# Wo bekomme ich den eine Wirbelstrombremse?



## maxi (5 Juli 2006)

Hallo,

wir wollen eine Handkurbel bauen, ähnlich wie auf einen Segelbot für den Spinacker.
Nun soll der Wiederstand der Kurbel sich verändern. Das möchte ich dann ansteuern, mal fester, mal leichter etc.

Wo bekomme ich den dafür eien Wirbelstrombremse?

Grüsse


----------



## ralfm (5 Juli 2006)

...z.B. von meinem kaputten Rollentrainer fürs Fahrrad 

Oder: Als ich noch Elektromotoren einlaufen lassen mußte, habe ich gerne einen Gleichstrommotor angeflanscht und die kurz geschlossen (für mörderbremsung) oder eben mittels Widerständen.


----------



## maxi (6 Juli 2006)

Ja haben wir früher auch so Sachen gebaut.

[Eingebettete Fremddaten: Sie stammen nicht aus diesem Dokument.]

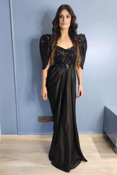 Fabric- Banana crepe ( stretchable ) Fit- Fitted at bust with flared hemline consisting of pleats on one side and slit on the other side giving a flattering look Classic silhouette which suits al...
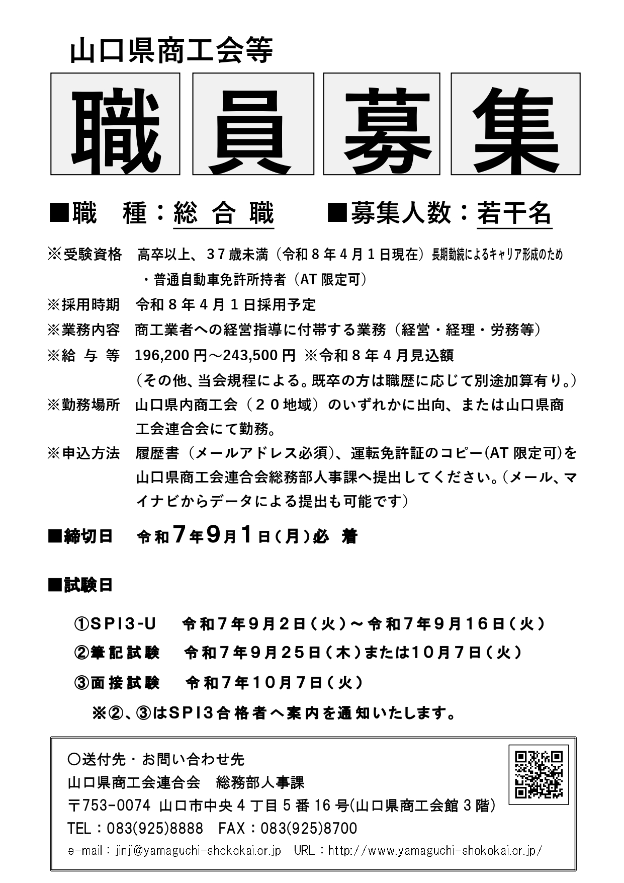2025年5月27日 / 最終更新日 : 2025年5月27日 岩国西商工会 商工会 【職員募集】山口県商工会等新規職員の募集について 山口県商工会連合会にて、令和8年4月1日採用予定の商工会等新規職員を募集しております。 詳細につきましては募集チラシをご覧ください。 新卒採用募集チラシ 202604
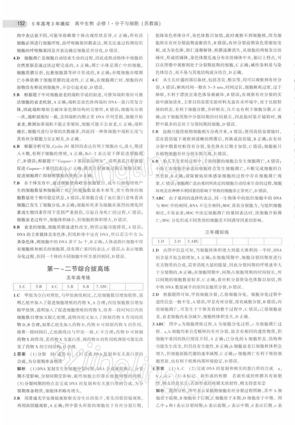 2021年5年高考3年模拟高中生物必修1苏教版分子与细胞
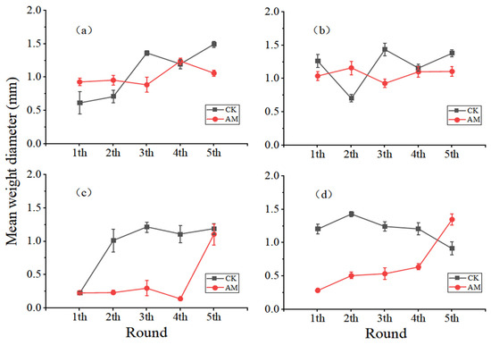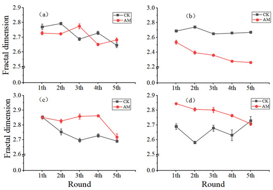 In this study, the percentage of sediment particle size in the four grass strips >2 mm was significantly higher under CK treatment than under AM treatment (p < 0.05; Figure 5). The sediment content percentage of Z. japonica and A. sinicus in the large particle size ranges of >2, 1–2, and 0.25–1 mm under the CK treatment was significantly higher than that in the AM treatment, whereas the sediment content in the small particle size ranges of 0.02–0.25, and <0.02 mm was significantly higher under AM treatment than under CK treatment. Studies have shown that AMF can regulate root morphological development [36]. The hyphae of AMF can provide a good rhizosphere environment for plants, and by enhancing nutrient absorption and improving photosynthetic efficiency, they can enhance the ability of the host plants to absorb nutrients, improve plant nutrient levels, improve plant stress resistance, and promote plant growth in nutrient-poor soil. The combination of AMF and plants can improve soil physicochemical properties and rhizosphere microbial communities [37] and has the potential to help plants adapt and transform the soil environment. By promoting the growth in plant roots, the anchoring effect on the soil was strengthened; therefore, the loss of larger-size sediments was reduced in the AM treatment compared with the CK treatment, especially in the particle size range of >2 mm. The mean weight diameter (MWD) showed an overall increasing trend with the increase of scouring time (Figure 6). The agglomerate degree of the lost sediment particles increased under continuous scouring, whereas the fractal dimension (D) decreased under continuous scouring (Figure 7). Because the rills developed faster under continuous scouring, the runoff convergence capacity in the rills was greater, the disintegration of soil particles was faster, and the content of larger particles of sediment was higher. The mean weight diameter (MWD) of sediments produced by the four grass strips under CK treatment was larger than that under AM treatment (Figure 6). Under CK treatment, the fractal dimension (D) of Z. japonica and A. sinicus under continuous scouring was smaller than that under AM treatment (Figure 7). The sediment particle size produced by continuous scouring under CK treatment was generally larger than that under AM treatment.
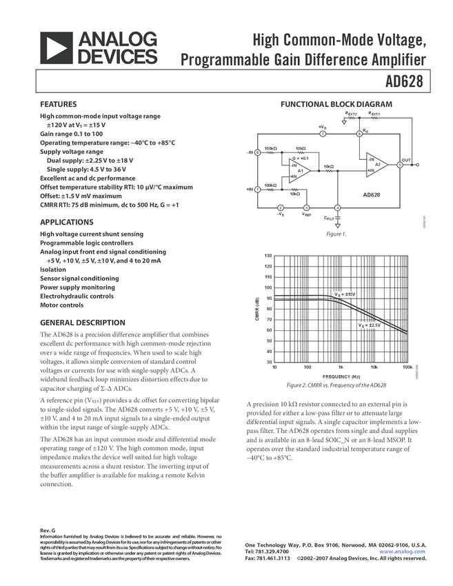 AD628 High Common-Mode Voltage, Programmable Gain Difference Amplifier
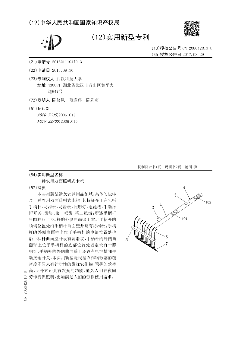 本实用新型涉及农具用品领域,具体的说涉及一种农用双面照明式木耙,其特征在于它包括手柄杆、防滑纹、防滑纹、照明灯、电池槽、手动按钮开关、齿块、第一耙齿、第二耙齿;所述手柄杆呈圆柱状,手柄杆的外侧曲面壁上靠近手柄杆的顶端位置处沿手柄杆曲面壁开设有防滑纹,手柄杆的外侧曲面壁上位于手柄杆的中部位置处也沿手柄杆曲面壁开设有防滑纹,手柄杆的外侧曲面壁上位于手柄杆的底部位置处固定设有一照明灯,手柄杆的外侧曲面壁上还设有电池槽和手动按钮开关。本实用新型能根据农作物散落的疏密度不同来有针对性的聚拢农作物,聚拢的效率高,此外它还具有发光的功能,能为人们在夜间劳作提供照明,更加满足人们的劳作使用需求。

Ich brauche nun etwas fertiges gekauftes mit Rechnung das langfristig sehr gut funktioniert und das ich elektronisch ansteuern kann.


----------



## PeterEF (6 Juli 2006)

Hallo,

schau doch mal bei Firmen, die dieses Zeugs für die Mechatroniker-Ausbildung herstellen (z.B. http://www.wuekro.de). 
Ich habe von da mal eine 1kW-Bremse mit elektronischer Ansteuerung zum Test gehabt.

Peter


----------